The judge repeated that for emphasis.

Authority to Rule

He also rejected Bush’s claim that the courts have no authority to even rule on the question.

“The executive cannot be the judge of its own privilege,” Bates said.

The House Committee, which in the meantime had also subpoenaed Bush political adviser Karl Rove, took Bates’s 93-page ruling and scheduled Miers to testify on Sept. 11.

But the administration, unable to win a delay from Bates, took the decision to a federal appeals court, forestalling Miers’s appearance.

In Alaska, as in Washington, it is illegal to ignore a legislative subpoena.
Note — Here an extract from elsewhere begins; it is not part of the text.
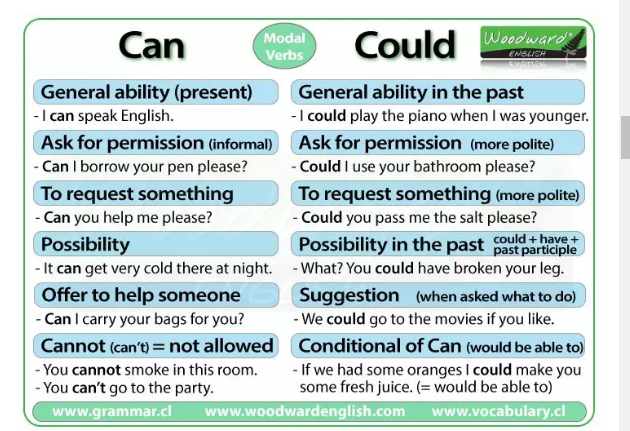 又比如,关于can/coul的区别,网站给出了这样一张图:

Todd Palin could be jailed for six months or fined up to $500, according to the Associated Press.

But with the legislature out of session until January, nothing will happen, at least not until then.

It wasn’t long ago that Governor Palin pledged cooperation with the Senate committee.

“Hold me accountable,” the governor said in mid-August as the lawmakers’ investigation got under way.

But that was before she joined John McCain’s ticket.

Now the two candidates who insist they would bring change to Washington, who plan to shake it up and make it do right, these self-described mavericks who are working overtime to shed any connection to the Bush administration, have adopted one of the most dangerous principles that Bush has promoted.

They seem to think they are above questioning, indeed, above the law. Sound familiar?

So much for change.

(Ann Woolner is a Bloomberg news columnist. The opinions expressed are her own.)